When you write out the listing below, keep each word exactly as it stands and drop the pictures.

> _Material provided_:
────────────────────

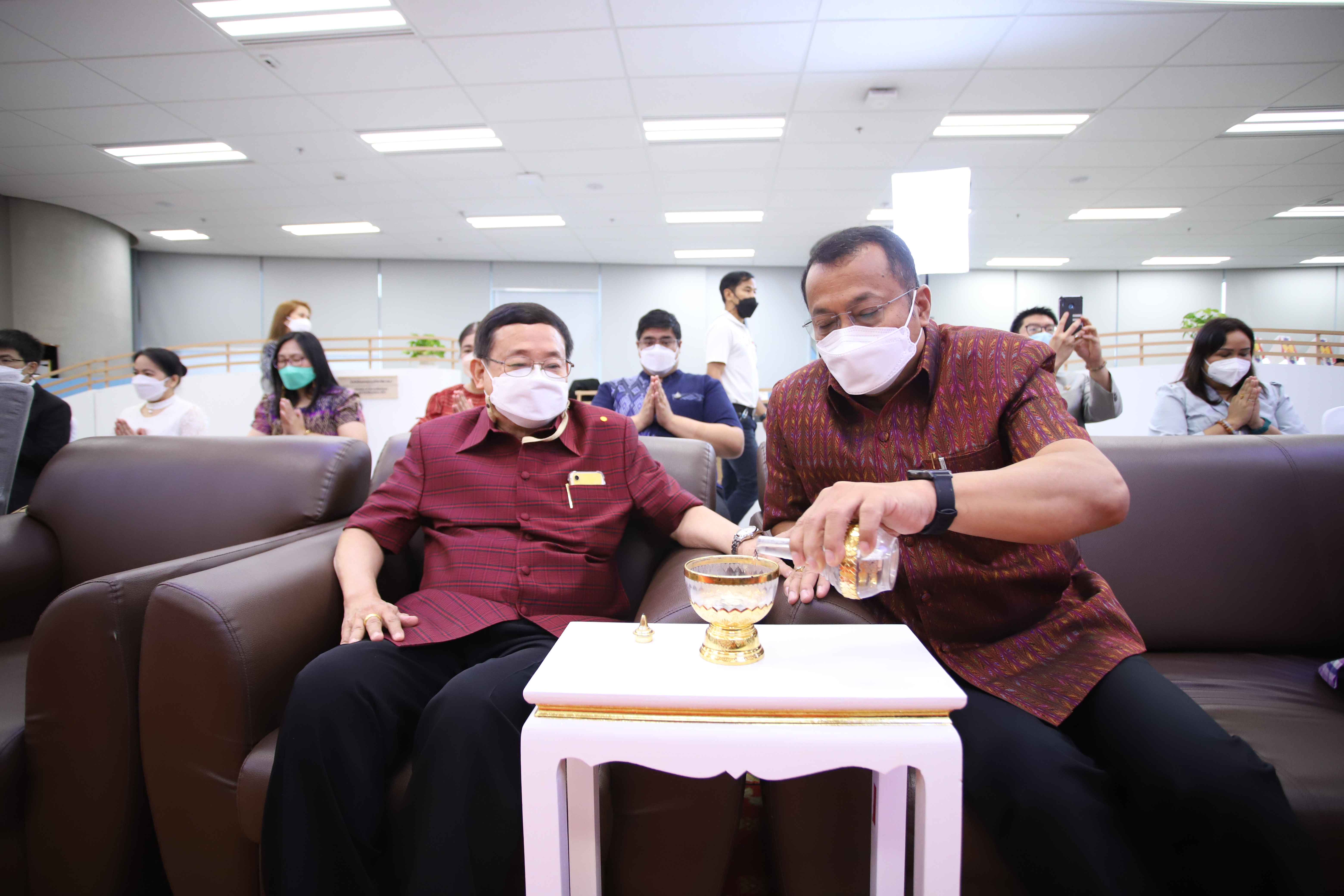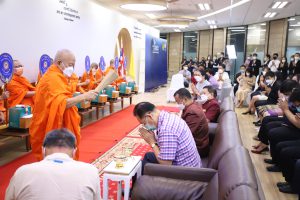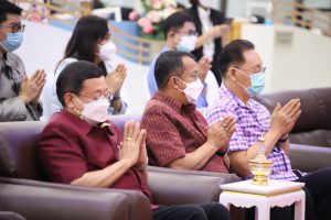 On April 21, 2022, at 08.00 hours, Permanent Secretary of Labour, Mr. Boonchob Suttamanaswong, assigned the Deputy Permanent Secretary of Labour, Mr. Wannarat Srisuksai, to participate in the annual merit-making ceremony of the Thailand Professional Qualifications Institute (Public Organization) for 2022. There was a ceremony of chantings the Buddha’s mantra and offering food to monks. The occasion occurred at the Thailand Professional Qualification Institute (Public Organization), 14th Floor, Pearl Bangkok Building.
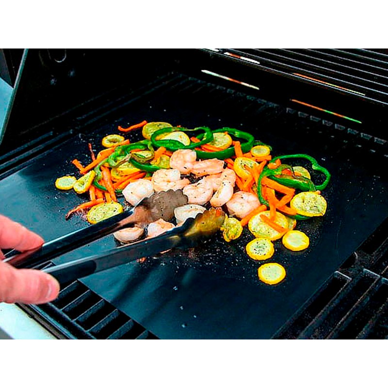 Set de 2 alfombrillas de teflón y fibra de vidrio, para cocinar mariscos, carnes, pescados o verduras sobre la parrilla . Resiste temperaturas hasta 260°C. Apilable, liviana, lavable y reutilizable.
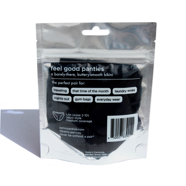 Consider these your panties in a pinch whenever, wherever you need them. Just like lipstick or a tampon, keep Panic Panties in your purse, throw them in your gym bag, stash them in your luggage—and never be without a pair. Boring bikinis begone. Our buttery-smooth No-Show Bikini is anything but. Just as sexy as it is functional, it gently hugs your body like second skin. Comfy enough to wear to bed, sleek and smooth enough to slip on under your jeans. These panties are: 👀 No VPL (visible panty lines) 🤸‍♀️ Ultra-stretchy waistband + elastic-free seams ☁️ Next-level-soft micro body + breathable cotton liner ✅ Oeko-tex certified—AKA free of harmful chemicals Perfect for: +Traveling +Freshening up down under +When you laugh so hard you pee a little +Date nights that lead to mornings after +That time of the month +When your Betty’s kinda sweaty +Gifting! Bachelorette favors, Galentine’s Day gifts, stocking stuffers, & more

────────────────────

> _Task output_:
 On April 21, 2022, at 08.00 hours, Permanent Secretary of Labour, Mr. Boonchob Suttamanaswong, assigned the Deputy Permanent Secretary of Labour, Mr. Wannarat Srisuksai, to participate in the annual merit-making ceremony of the Thailand Professional Qualifications Institute (Public Organization) for 2022. There was a ceremony of chantings the Buddha’s mantra and offering food to monks. The occasion occurred at the Thailand Professional Qualification Institute (Public Organization), 14th Floor, Pearl Bangkok Building.
 Set de 2 alfombrillas de teflón y fibra de vidrio, para cocinar mariscos, carnes, pescados o verduras sobre la parrilla . Resiste temperaturas hasta 260°C. Apilable, liviana, lavable y reutilizable.
 Consider these your panties in a pinch whenever, wherever you need them. Just like lipstick or a tampon, keep Panic Panties in your purse, throw them in your gym bag, stash them in your luggage—and never be without a pair. Boring bikinis begone. Our buttery-smooth No-Show Bikini is anything but. Just as sexy as it is functional, it gently hugs your body like second skin. Comfy enough to wear to bed, sleek and smooth enough to slip on under your jeans. These panties are: 👀 No VPL (visible panty lines) 🤸‍♀️ Ultra-stretchy waistband + elastic-free seams ☁️ Next-level-soft micro body + breathable cotton liner ✅ Oeko-tex certified—AKA free of harmful chemicals Perfect for: +Traveling +Freshening up down under +When you laugh so hard you pee a little +Date nights that lead to mornings after +That time of the month +When your Betty’s kinda sweaty +Gifting! Bachelorette favors, Galentine’s Day gifts, stocking stuffers, & more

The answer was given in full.